▶ _Problem description_
Transcribe exactly the lines from the first line of the records through the line containing "Брюки прямого свободного", and leave out every picture.

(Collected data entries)
=== Section Start ===

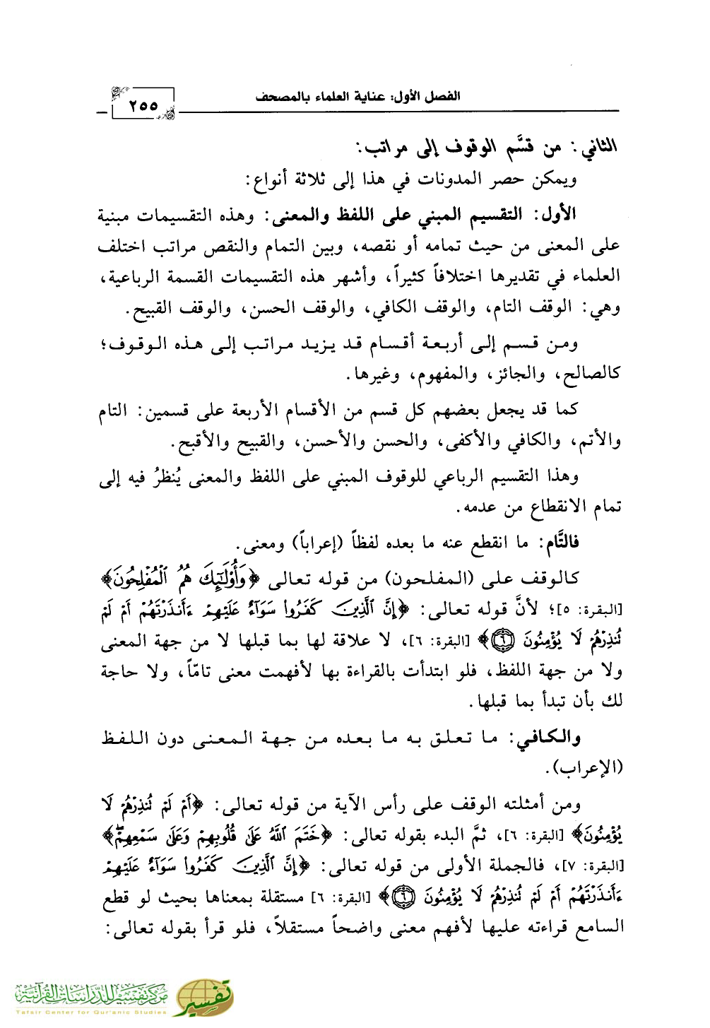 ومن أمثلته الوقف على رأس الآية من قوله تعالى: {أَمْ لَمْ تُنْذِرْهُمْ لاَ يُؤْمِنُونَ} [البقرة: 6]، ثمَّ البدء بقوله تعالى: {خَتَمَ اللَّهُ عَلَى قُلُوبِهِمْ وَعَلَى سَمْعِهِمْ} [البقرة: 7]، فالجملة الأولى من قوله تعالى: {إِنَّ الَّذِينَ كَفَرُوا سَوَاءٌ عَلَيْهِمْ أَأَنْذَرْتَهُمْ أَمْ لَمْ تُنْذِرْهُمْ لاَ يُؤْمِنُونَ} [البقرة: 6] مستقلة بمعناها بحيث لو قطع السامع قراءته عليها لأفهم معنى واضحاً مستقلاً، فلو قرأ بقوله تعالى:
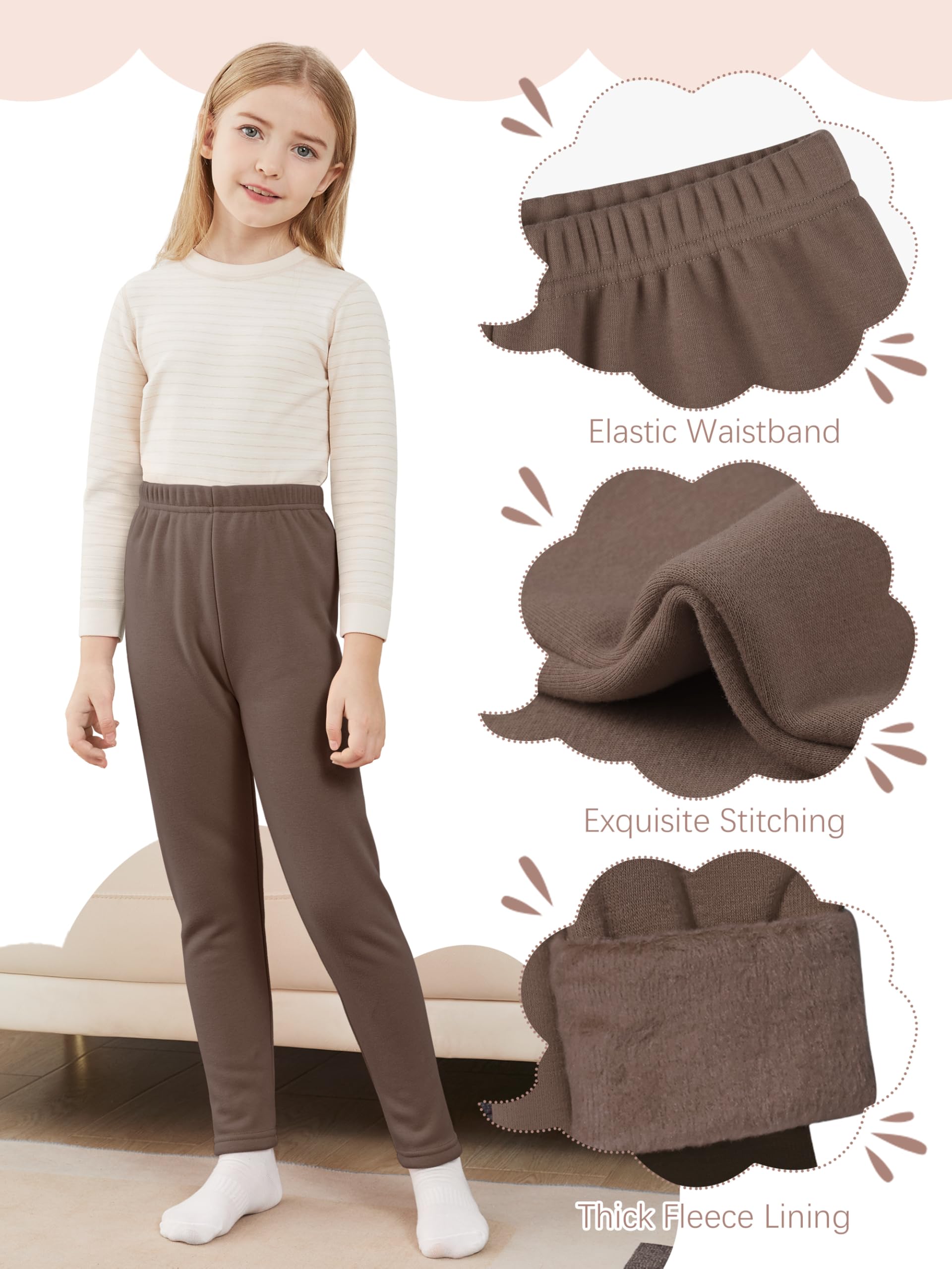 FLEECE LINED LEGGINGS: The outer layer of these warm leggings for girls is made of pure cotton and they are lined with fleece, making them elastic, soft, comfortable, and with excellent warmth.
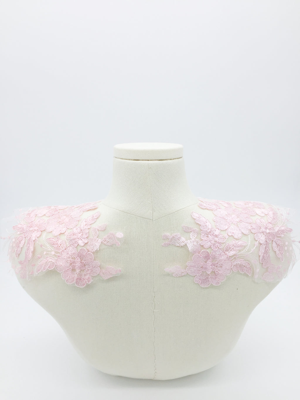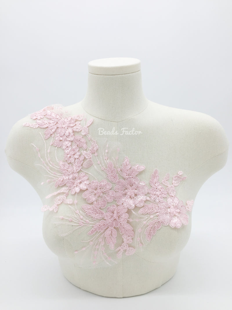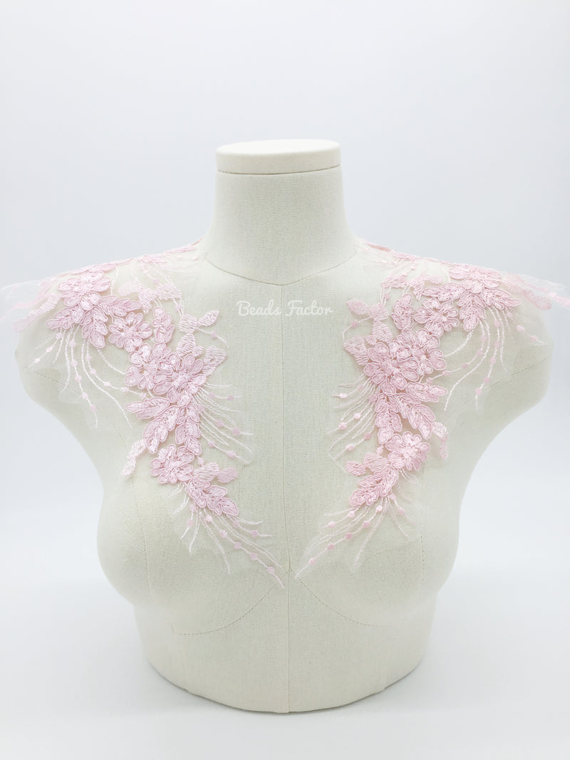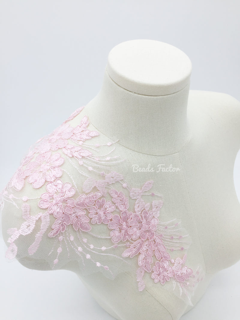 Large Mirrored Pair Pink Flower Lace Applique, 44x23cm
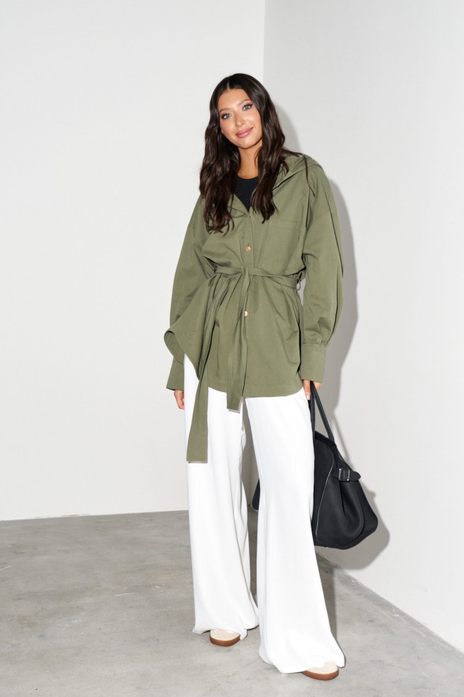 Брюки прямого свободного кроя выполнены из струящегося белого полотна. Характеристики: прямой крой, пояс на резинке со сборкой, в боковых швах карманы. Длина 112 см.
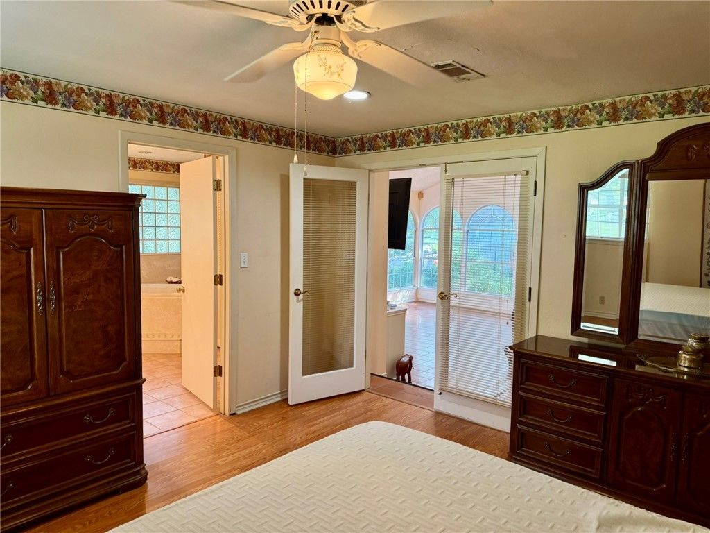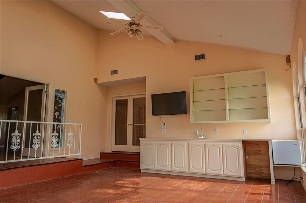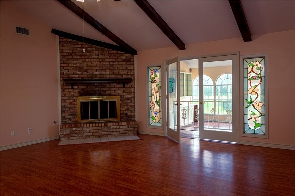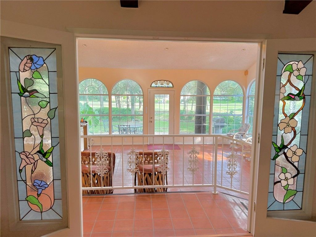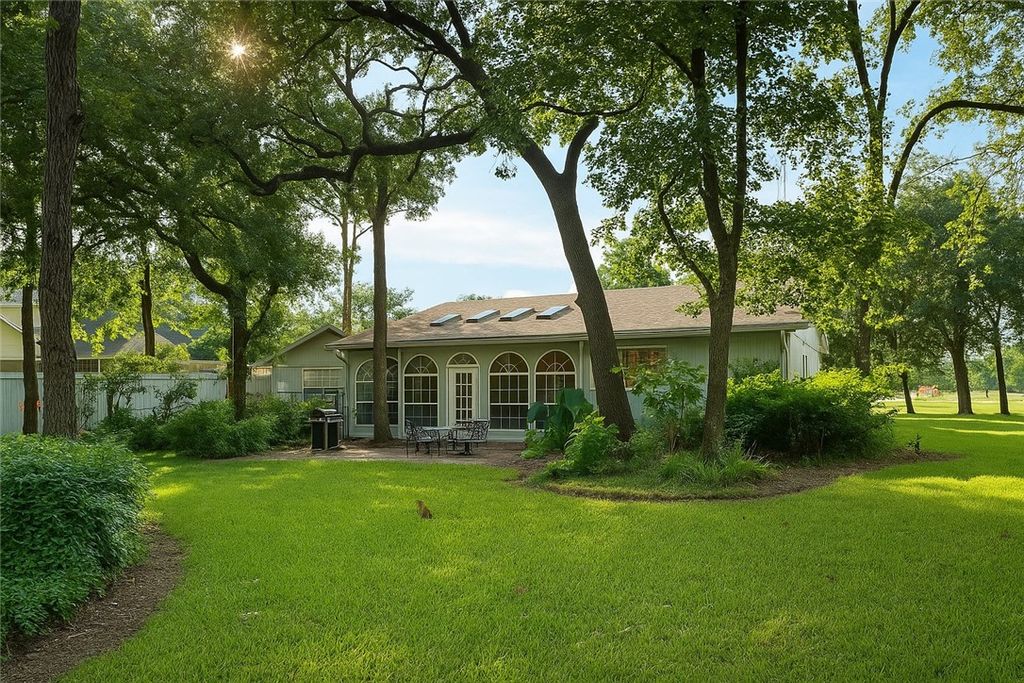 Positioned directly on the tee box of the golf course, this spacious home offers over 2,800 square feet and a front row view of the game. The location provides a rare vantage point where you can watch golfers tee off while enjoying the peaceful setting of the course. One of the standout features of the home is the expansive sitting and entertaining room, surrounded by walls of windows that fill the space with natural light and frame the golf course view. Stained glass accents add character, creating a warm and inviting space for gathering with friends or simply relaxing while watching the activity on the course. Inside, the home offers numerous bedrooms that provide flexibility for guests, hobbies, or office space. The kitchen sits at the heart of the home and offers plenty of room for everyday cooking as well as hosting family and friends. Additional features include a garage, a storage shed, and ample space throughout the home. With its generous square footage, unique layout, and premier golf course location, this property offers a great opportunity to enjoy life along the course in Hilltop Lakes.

=== Section End ===

▶ _Reply_
 ومن أمثلته الوقف على رأس الآية من قوله تعالى: {أَمْ لَمْ تُنْذِرْهُمْ لاَ يُؤْمِنُونَ} [البقرة: 6]، ثمَّ البدء بقوله تعالى: {خَتَمَ اللَّهُ عَلَى قُلُوبِهِمْ وَعَلَى سَمْعِهِمْ} [البقرة: 7]، فالجملة الأولى من قوله تعالى: {إِنَّ الَّذِينَ كَفَرُوا سَوَاءٌ عَلَيْهِمْ أَأَنْذَرْتَهُمْ أَمْ لَمْ تُنْذِرْهُمْ لاَ يُؤْمِنُونَ} [البقرة: 6] مستقلة بمعناها بحيث لو قطع السامع قراءته عليها لأفهم معنى واضحاً مستقلاً، فلو قرأ بقوله تعالى:
 FLEECE LINED LEGGINGS: The outer layer of these warm leggings for girls is made of pure cotton and they are lined with fleece, making them elastic, soft, comfortable, and with excellent warmth.
 Large Mirrored Pair Pink Flower Lace Applique, 44x23cm
 Брюки прямого свободного кроя выполнены из струящегося белого полотна. Характеристики: прямой крой, пояс на резинке со сборкой, в боковых швах карманы. Длина 112 см.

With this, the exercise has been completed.